PDA

View Full Version : US Air Force WC-135 Detects Deadly Radiation Over Pacific




hillbilly123069
03-14-2011, 08:06 AM
I have no idea if this is a credible site. I know the all-knowing fed said 2 weeks and it would be minor problem with low levels of radiation.
I will post related links as I find them.
http://quinetiam.com/?p=125

http://www.cbc.ca/news/canada/british-columbia/story/2011/03/12/canadian-radiation-fallout-concern.html

Zippyjuan
03-14-2011, 01:01 PM
From the second link:

Even in the event of a significant release from the reactor, radiation would be diluted before reaching the West Coast, the health agency said.

"Levels would be so low no protective action would be necessary," it said.

The director of the Center for Radiological Research at Columbia University also believes that the West Coast is facing very little risk.

"It's impossible to imagine any significant radioactivity reaching the West Coast of the U.S., because it's going to get so dispersed," said David Brenner, who studies radioactive dosing and works with groups involved in planning responses to nuclear disasters.

David Measday, a nuclear physicist at the University of British Columbia, also said that even in the event of a large-scale meltdown, the radiation would dissipate over distance.

sparebulb
03-14-2011, 09:22 PM
Residents of the Aleutions and mainland Alaska may be badly affected.

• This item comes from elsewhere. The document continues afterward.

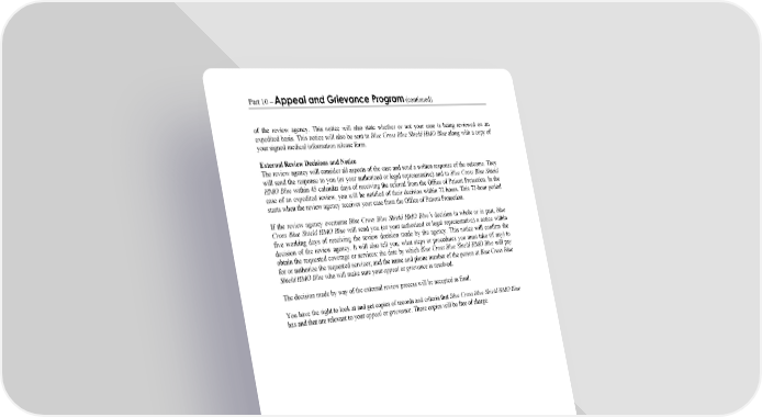 Part 10 – Appeal and Grievance Program (continued) WORDS IN ITALICS ARE EXPLAINED IN PART 2. Page 93 of the review agency. This notice will also state whether or not your case is being reviewed on an expedited basis. This notice will also be sent to Blue Cross Blue Shield HMO Blue along with a copy of your signed medical information release form. External Review Decisions and Notice The review agency will consider all aspects of the case and send a written response of the outcome. They will send the response to you (or your authorized or legal representative) and to Blue Cross Blue Shield HMO Blue within 45 calendar days of receiving the referral from the Office of Patient Protection. In the case of an expedited review, you will be notified of their decision within 72 hours. This 72-hour period starts when the review agency receives your case from the Office of Patient Protection. If the review agency overturns Blue Cross Blue Shield HMO Blue’s decision in whole or in part, Blue Cross Blue Shield HMO Blue will send you (or your authorized or legal representative) a notice within five working days of receiving the review decision made by the agency. This notice will confirm the decision of the review agency. It will also tell you: what steps or procedures you must take (if any) to obtain the requested coverage or services; the date by which Blue Cross Blue Shield HMO Blue will pay for or authorize the requested services; and the name and phone number of the person at Blue Cross Blue Shield HMO Blue who will make sure your appeal or grievance is resolved. The decision made by way of the external review process will be accepted as final. You have the right to look at and get copies of records and criteria that Blue Cross Blue Shield HMO Blue has and that are relevant to your appeal or grievance. These copies will be free of charge.

Cesium flavored salmon.......yum.

XNavyNuke
03-15-2011, 10:02 PM
More fear mongering for the sheeple HB. Even if the values for local airborne contaminants given by IAEA and NISA are an order of magnitude low, the dilution by winds makes this unlikely without a very refined map of the plume. Given that there are three volcanoes now erupting on the Kamchatka peninsula spewing greater quantities of radioactive isotopes into the air, its far more likely a random sampling is detecting that. The airborne instrumentation cannot do an isotopic analysis only decay mode detection. Actual determination of the fingerprints requires lab analysis.

XNN

hillbilly123069
03-18-2011, 09:44 AM
http://www.nytimes.com/2011/03/17/science/17plume.html?_r=2
What happens to sea life in the path of this?

Animated model.
http://www.nytimes.com/interactive/2011/03/16/science/plume-graphic.html?ref=science

Zippyjuan
03-18-2011, 01:50 PM
From the first link:

Health and nuclear experts emphasize that radiation in the plume will be diluted as it travels and, at worst, would have extremely minor health consequences in the United States, even if hints of it are ultimately detectable. In a similar way, radiation from the Chernobyl disaster in 1986 spread around the globe and reached the West Coast of the United States in 10 days, its levels measurable but minuscule.


Today (Friday) is supposed to be the day the radiation first reaches the US and California.

http://my.earthlink.net/article/us?guid=20110318/c0496a7c-6fee-4cb5-8df3-d9fdb37a2579


CA officials say no radiation threat detected

LOS ANGELES (AP) — Air pollution regulators in Southern California say they have not detected increased levels of radiation from the damaged Japanese nuclear reactors.

The South Coast Air Quality Management District said Friday radiation measured at its three sites are not higher than typical levels.

The agency's monitors are part of the U.S. Environmental Protection Agency's network of more than 100 sensors across the nation that track radiation levels every hour.